Thursday, October 3, 2013

New Island Formed after Pakistan Earthquake

In September two devastating earthquakes hit Pakistan in less than a week.  The quakes killed a total of 825 people (780 during and after the main shock and 45 during and after the aftershock). The high toll makes the Pakistan earthquakes the most deadly one since the Japan Tsunami.  
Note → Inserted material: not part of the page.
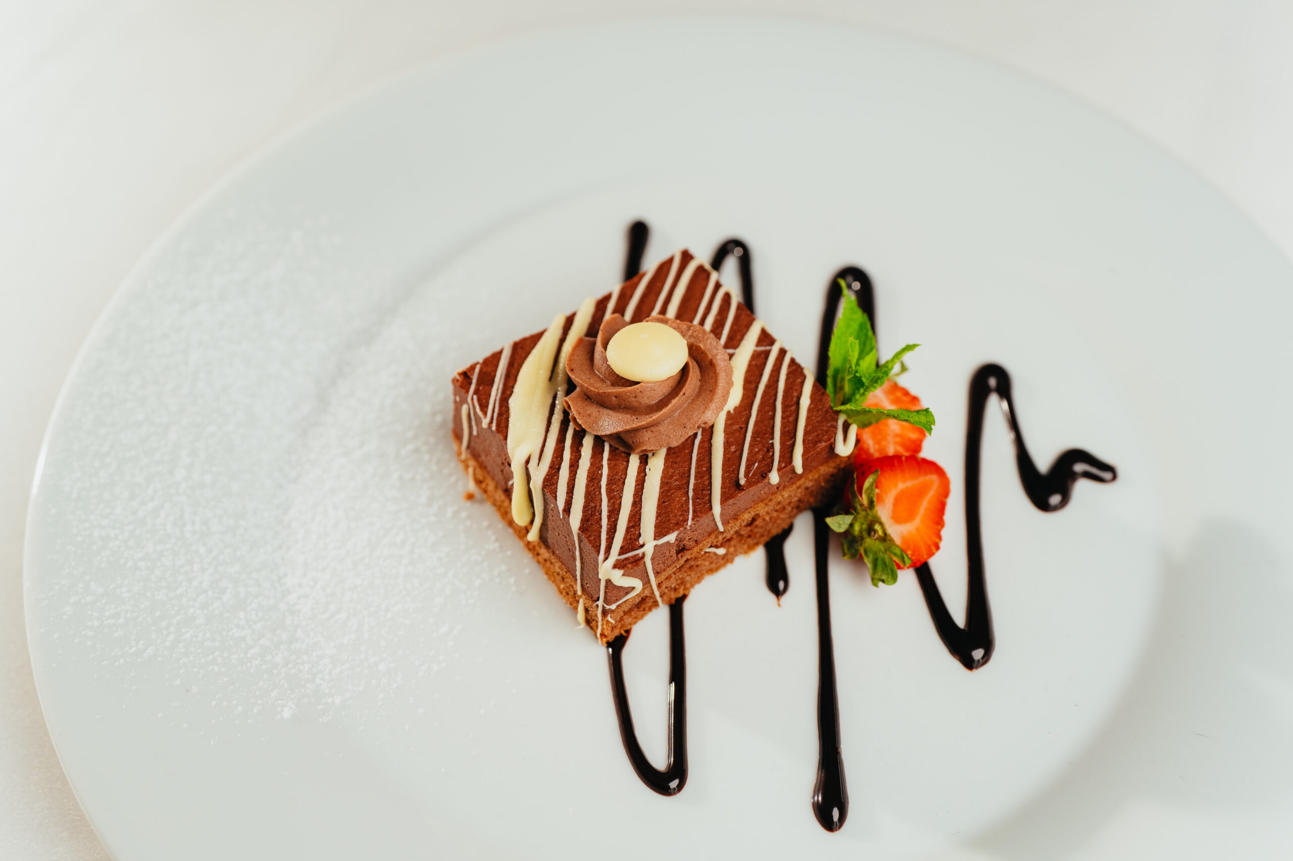 Kakaoschnitte mit weißer Schokolade, Vanilleeis

The first earthquake on September 24th had a magnitude of 7.7. On 28 September the aftershock hit with a 6.8 magnitude.  The earthquake resulted due to an oblique-strike-slip type motion at shallow crustal depths.   The tectonics of southern Pakistan reflect a complex plate boundary where the India plate slides northward relative to the Eurasia plate in the east, and the Arabia plate subducts northward beneath the Eurasia plate.  Although seismically active, this portion of the Eurasia plate boundary has not experienced large damaging earthquakes in recent history. In the past 40 years, only one significant event has occurred within 120 miles (200 km) of this event, which was a magnitude 6.1 earthquake in July 1990 that killed six people.
It is horrible that the earthquakes were so deadly.  The power of the earthquakes can be measured in another way.  It created a mud volcano and formed a brand new island that is more than 575 feet in diameter and 60 to 70 feet tall (175 by 18 to 21 meters).  The new island formed around 650 feet from the coast near the town of Gwadar. 
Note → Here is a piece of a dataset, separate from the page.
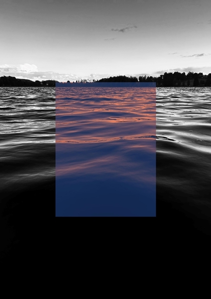 "Lake View" poster by Thrivewithus. A tranquil lake scene, where the shimmering water dances in shades of black, white, and grey, interrupted by a bold splash of orange and blue. The edited effect creates a surreal vibe, pulling you into a peaceful evening in Småland. It’s like nature’s own abstract painting – calm yet striking. Perfect for those who appreciate the beauty of simplicity and the art of contrast. Dive into this serene moment and let it transform your space.

The island, called Zalzala Koh, is believed to be the result of a mud volcano that formed when deposits of frozen gas hydrates—which have a large methane content— that were buried beneath between 980 and 2,600 feet of compressed sediment (300 to 800 m).  The heat and friction from the earthquake  converted the gas hydrates from frozen to gaseous, which then escaped and rose to the surface through cracks in the sedimentary rock layers.  Finer, loosely packed sediments also became liquid-like and squeezed up through the cracks forming the island. Locals who ventured to the new land mass shortly after it formed heard a hissing noise at one end and started a fire which was difficult to extinguish due to the large quantity of methane gas.  This is not the first time new islands have formed. In fact, similar islands have appeared in the same region following earthquakes in 1945, 1999, 2001, and 2010. Because of its composition of softer sediments, the sea will erode the island completely within a few months.

Here are some more pictures of the new island.


The new island is covered in dead fish and other sea creatures that are on top of  mud, sand and rock.